> _ASSIGNED TASK_
The records follow. Copy them exactly, but omit the pictures.
--- START ---
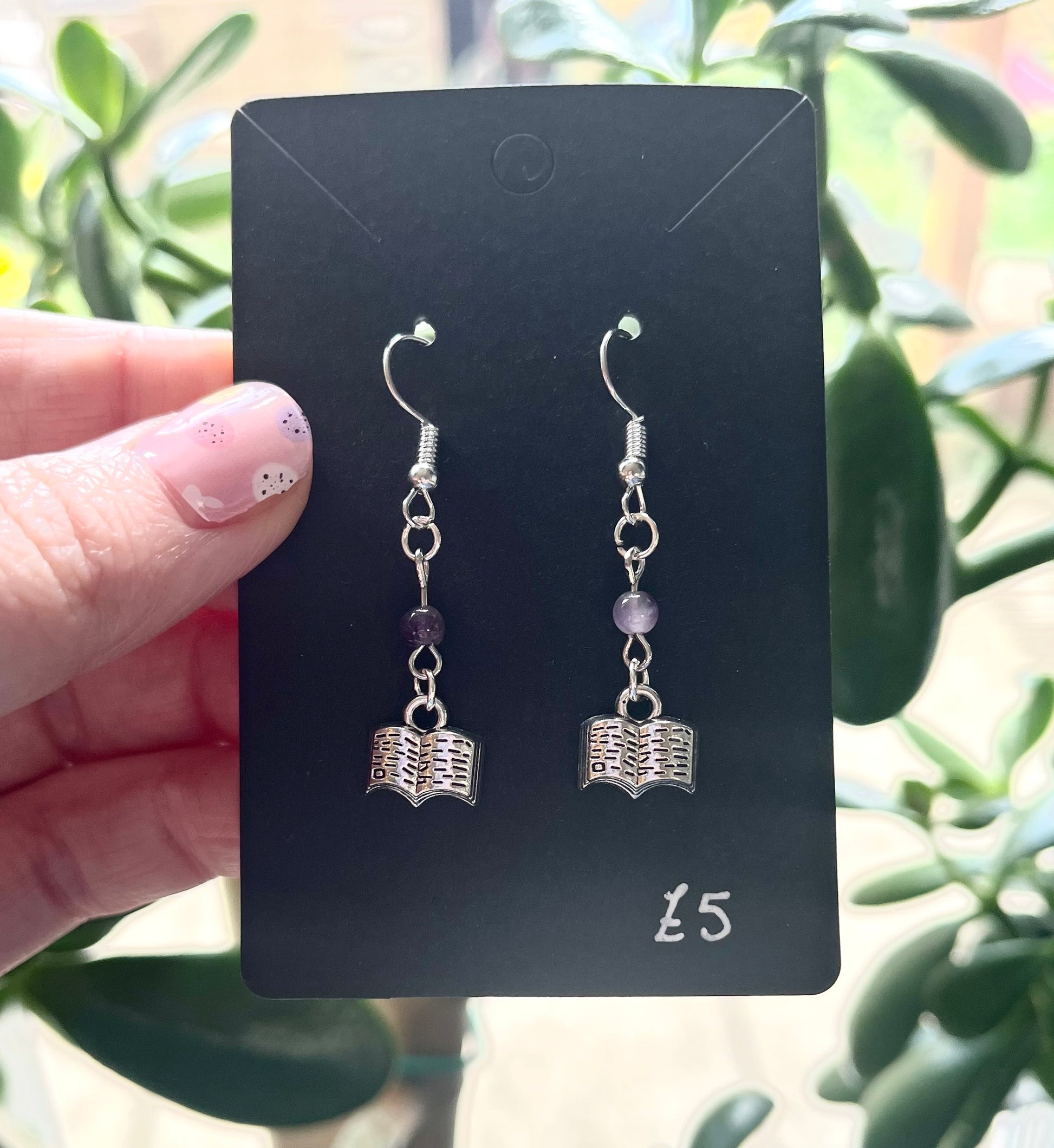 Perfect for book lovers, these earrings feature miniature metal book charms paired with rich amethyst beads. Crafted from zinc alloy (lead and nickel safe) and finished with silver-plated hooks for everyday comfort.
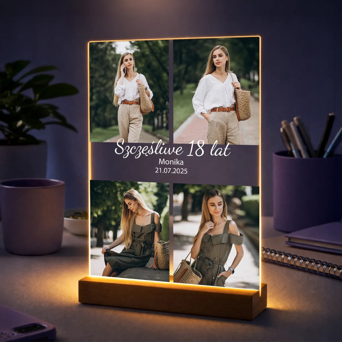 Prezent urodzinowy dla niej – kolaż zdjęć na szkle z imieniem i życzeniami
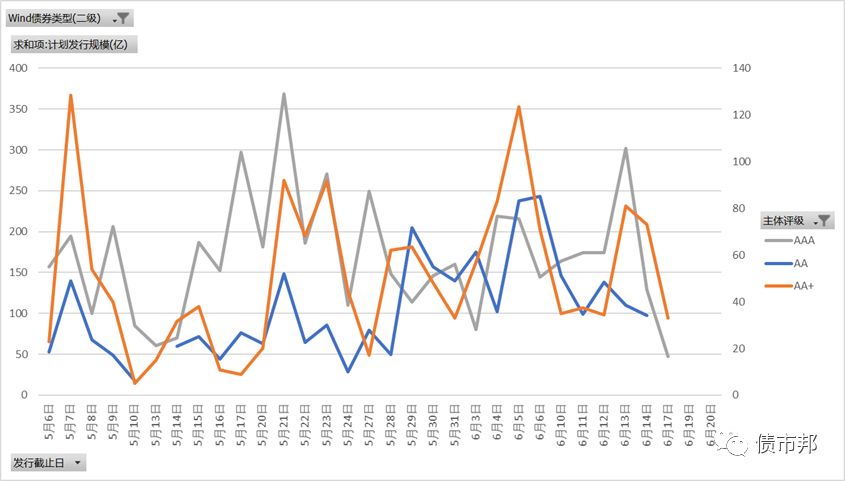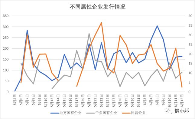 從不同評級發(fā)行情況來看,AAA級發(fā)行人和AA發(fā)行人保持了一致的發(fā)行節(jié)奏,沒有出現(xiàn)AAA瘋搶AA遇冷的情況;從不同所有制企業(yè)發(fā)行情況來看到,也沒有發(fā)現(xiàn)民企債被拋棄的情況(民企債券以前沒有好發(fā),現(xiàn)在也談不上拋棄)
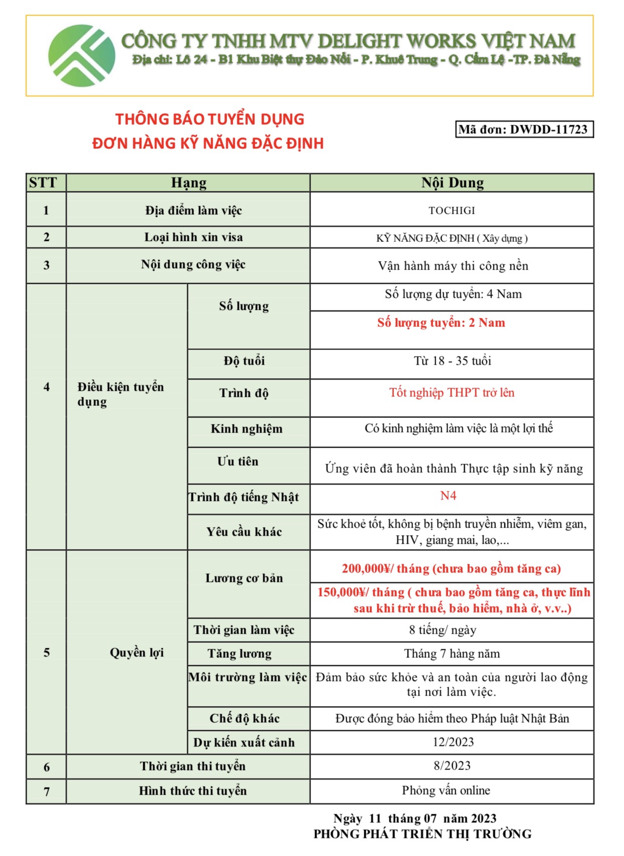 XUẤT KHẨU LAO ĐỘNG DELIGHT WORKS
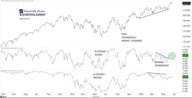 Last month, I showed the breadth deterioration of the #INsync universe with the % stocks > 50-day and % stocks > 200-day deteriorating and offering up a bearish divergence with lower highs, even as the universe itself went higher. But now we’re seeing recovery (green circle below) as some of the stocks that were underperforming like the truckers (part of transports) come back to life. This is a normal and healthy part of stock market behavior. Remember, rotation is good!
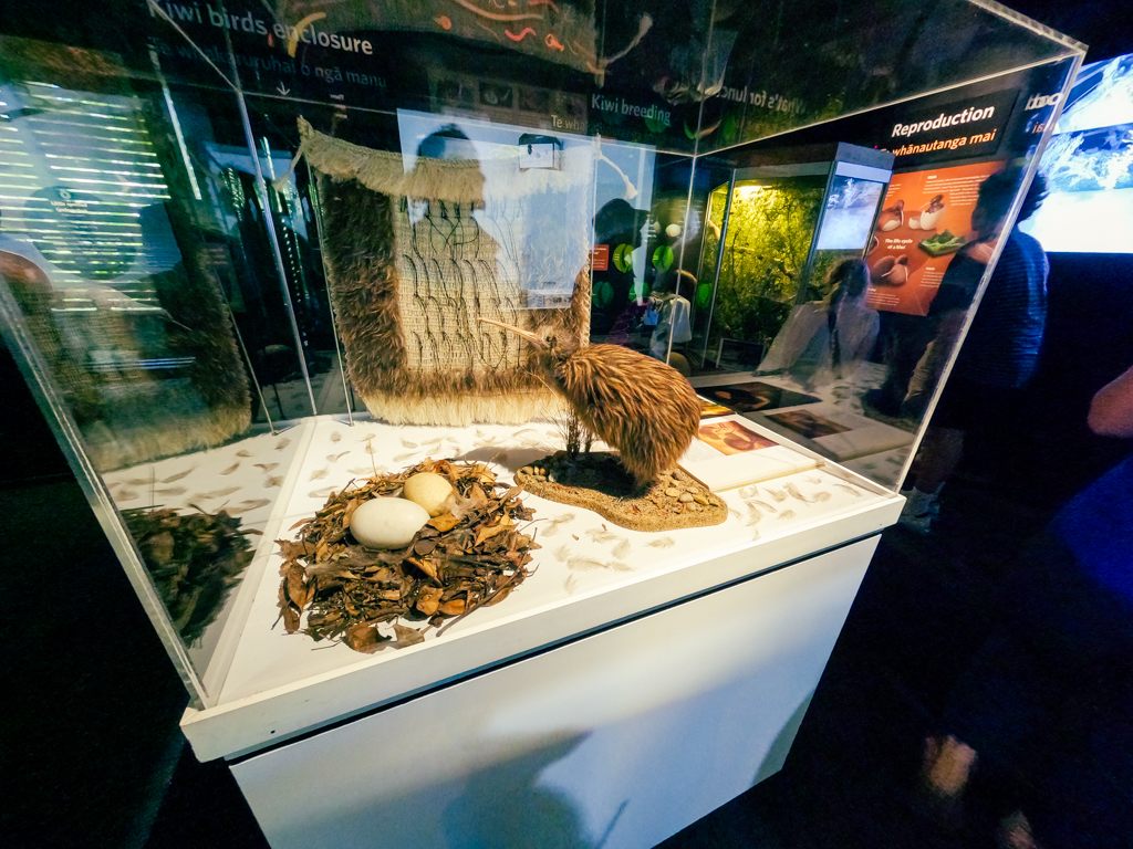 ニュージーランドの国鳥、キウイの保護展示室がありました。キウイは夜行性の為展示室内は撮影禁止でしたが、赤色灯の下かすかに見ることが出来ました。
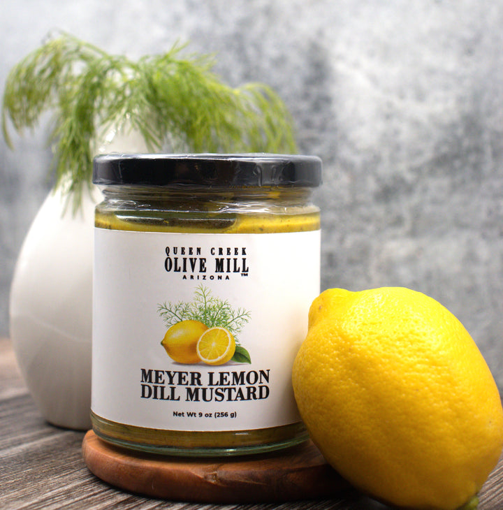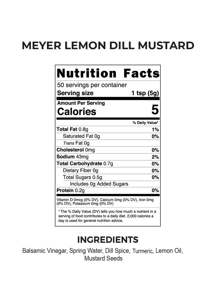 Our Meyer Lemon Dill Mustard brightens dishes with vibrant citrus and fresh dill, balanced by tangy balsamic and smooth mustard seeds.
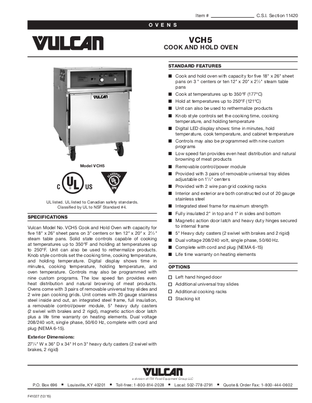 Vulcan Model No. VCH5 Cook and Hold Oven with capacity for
--- END ---
> _EXERCISE RESPONSE_
 Perfect for book lovers, these earrings feature miniature metal book charms paired with rich amethyst beads. Crafted from zinc alloy (lead and nickel safe) and finished with silver-plated hooks for everyday comfort.
 Prezent urodzinowy dla niej – kolaż zdjęć na szkle z imieniem i życzeniami
 從不同評級發(fā)行情況來看,AAA級發(fā)行人和AA發(fā)行人保持了一致的發(fā)行節(jié)奏,沒有出現(xiàn)AAA瘋搶AA遇冷的情況;從不同所有制企業(yè)發(fā)行情況來看到,也沒有發(fā)現(xiàn)民企債被拋棄的情況(民企債券以前沒有好發(fā),現(xiàn)在也談不上拋棄)
 XUẤT KHẨU LAO ĐỘNG DELIGHT WORKS
 Last month, I showed the breadth deterioration of the #INsync universe with the % stocks > 50-day and % stocks > 200-day deteriorating and offering up a bearish divergence with lower highs, even as the universe itself went higher. But now we’re seeing recovery (green circle below) as some of the stocks that were underperforming like the truckers (part of transports) come back to life. This is a normal and healthy part of stock market behavior. Remember, rotation is good!
 ニュージーランドの国鳥、キウイの保護展示室がありました。キウイは夜行性の為展示室内は撮影禁止でしたが、赤色灯の下かすかに見ることが出来ました。
 Our Meyer Lemon Dill Mustard brightens dishes with vibrant citrus and fresh dill, balanced by tangy balsamic and smooth mustard seeds.
 Vulcan Model No. VCH5 Cook and Hold Oven with capacity for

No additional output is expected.